The VERDICT model was fitted to dMRI data using the AMICO framework to estimate R and f_IC³. The diffusion coefficient of the intracellular, extracellular extravascular, and vascular space, as well as the velocity dispersion of the blood flow were fixed to 1×10^-9m²/s, 1.5×10-9m²/s, 1.75×10^-9m²/s, and 0.6x10^-3 m/s respectively to make the model fit more robust. A Gaussian mixture model was fitted to the distribution of R and f_IC parameter values from all voxels in all tumors using an expectation-maximization algorithm, as has been similarly done before with the IVIM model⁴. The model had three components to match the number of distinct tissue types defined on the MT images. Soft cluster maps were generated for the central MRI slice of each tumor based on the fit (Figure 3). All model fitting was done using MATLAB (R2020a, MathWorks, Natick, MA).

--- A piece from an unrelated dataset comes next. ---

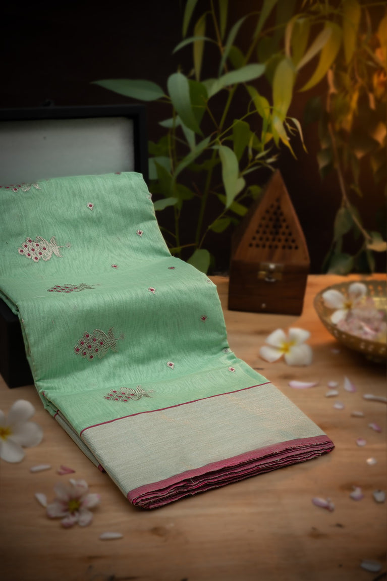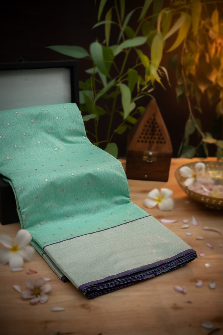 Varamahalakshmi Sea Green & Purple Chanderi Buttis Saree

The study was approved by the Gothenburg Ethical Committee on Animal Research.

Results and discussion

The Gaussian mixture model fit resulted in clusters of distinctively different parameter values (Figure 3). f_IC was high for one cluster and low for the other two while R showed substantially different values for all clusters. The classification algorithm generated colormaps which matched well with the histology and was able to accurately distinguish the defined tissue types (Figure 2).

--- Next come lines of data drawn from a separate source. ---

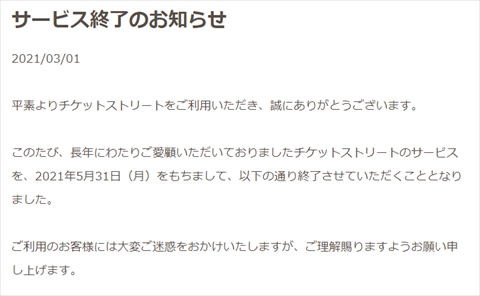 チケット売買仲介サイトの「チケットストリート」が、5月31日をもってサービスを終了すると発表しました。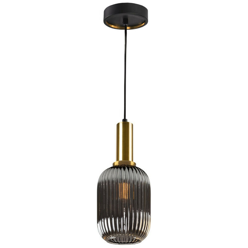 Schuller NORMA Plafoniera a sospensione Globe nera, vetro ottone, E27 | Finitura: nero, ottone, vetro fumé | Materiale: metallo, vetro | Altezza: 35cm | Altezza minima: 45 cm | Altezza massima: 200 cm | Diametro: 14 cm | Tipo di lampada: E27 | Lampadina inclusa: Sì | Peso: 1,27 kg | Potenza (massima): 60W
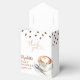 Essas caixas de lembrancinhas para chá de bebê elegantes apresentam grãos de café e uma xícara de café, juntamente com uma tipografia elegante que pode ser personalizada com seu nome e data especial. Criado por Thisisnotme©

Overall, the comparison between the dMRI-based cluster maps and the histology-based classification maps showed good agreement (Figure 4). A perfect spatial match is not expected due to histological tissue deformation during the fixation steps. However, the cluster maps appeared to distinguish the defined tissue types in the histology maps well, indicating the potential use of cluster analysis of VERDICT parameters to obtain information on histological features in tumors.

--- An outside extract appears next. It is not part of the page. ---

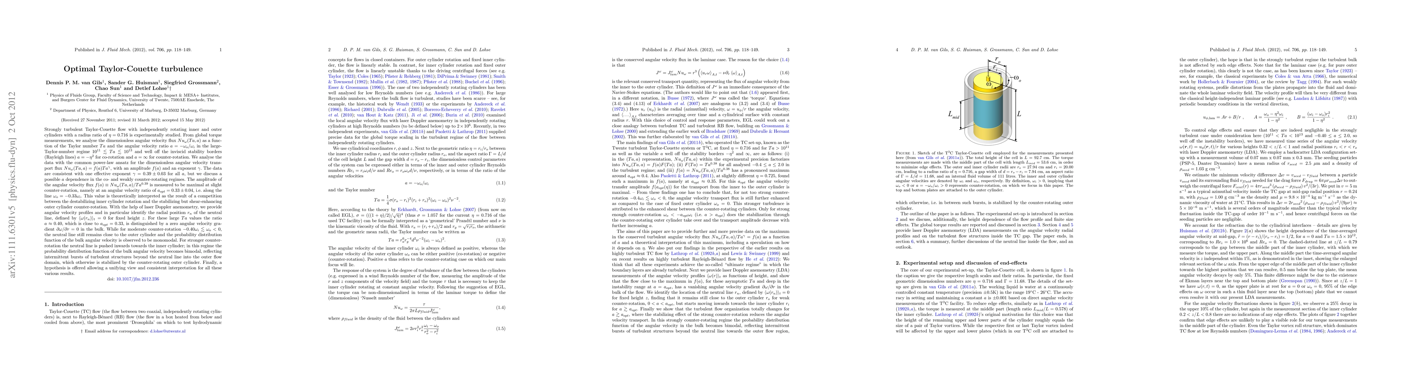 Strongly turbulent Taylor-Couette flow with independently rotating inner and outer cylinders with a radius ratio of \eta = 0.716 is experimentally studied. From global torque measurements, we analyse the dimensionless angular velocity flux Nu_\omega(Ta, a) as a function of the Taylor number Ta and the angular velocity ratio a = -\omega_o/\omega_i in the large-Taylor-number regime 10^{11} \lesssim Ta \lesssim 10^{13}. We analyse the data with the common power-law ansatz for the dimensionless angular velocity transport flux Nu_\omega(Ta, a) = f(a)Ta^\gamma, with an amplitude f(a) and an exponent \gamma. The data are consistent with one effective exponent \gamma = 0.39\pm0.03 for all a. The amplitude of the angular velocity flux f(a) = Nu_\omega(Ta, a)/Ta^0.39 is measured to be maximal at slight counter-rotation, namely at an angular velocity ratio of a_opt = 0.33\pm0.04. This value is theoretically interpreted as the result of a competition between the destabilizing inner cylinder rotation and the stabilizing but shear-enhancing outer cylinder counter-rotation. With the help of laser Doppler anemometry, we provide angular velocity profiles and identify the radial position r_n of the neutral line. While for moderate counter-rotation -0.40 \omega_i \lesssim \omega_o < 0, the neutral line still remains close to the outer cylinder and the probability distribution function (p.d.f.) of the bulk angular velocity is observed to be monomodal. For stronger counter-rotation the neutral line is pushed inwards towards the inner cylinder; in this regime the p.d.f. of the bulk angular velocity becomes bimodal, reflecting intermittent bursts of turbulent structures beyond the neutral line into the outer flow domain, which otherwise is stabilized by the counter-rotating outer cylinder. Finally, a hypothesis is offered allowing a unifying view for all these various results.

The cluster with high f_IC showed the best spatial agreement with the viable tumor tissue class (Figures 3 & 4), suggesting that more microstructural restriction is present in areas of densely packed cells compared to fibrotic and necrotic/apoptotic tissue. Furthermore, although the clusters that matched best with fibrotic and necrotic/apoptotic tissue showed similar f_IC values between one another, their R values differed substantially with fibrotic tissue showing a lower R. This indicates that diffusion-restrictive structures in fibrotic tissue may be smaller compared to those found in necrotic/apoptotic tissue, and that the R parameter contains information on specificity between the two tissue types which is not found in f_IC.

Conclusion

Cluster analysis of the VERDICT MRI parameters R and f_IC shows potential in identifying tumor tissue subregions of distinct morphological features in the studied tumor model. The method may thus provide a means to non-invasively study oncologically relevant features of the tumor microenvironment in vivo.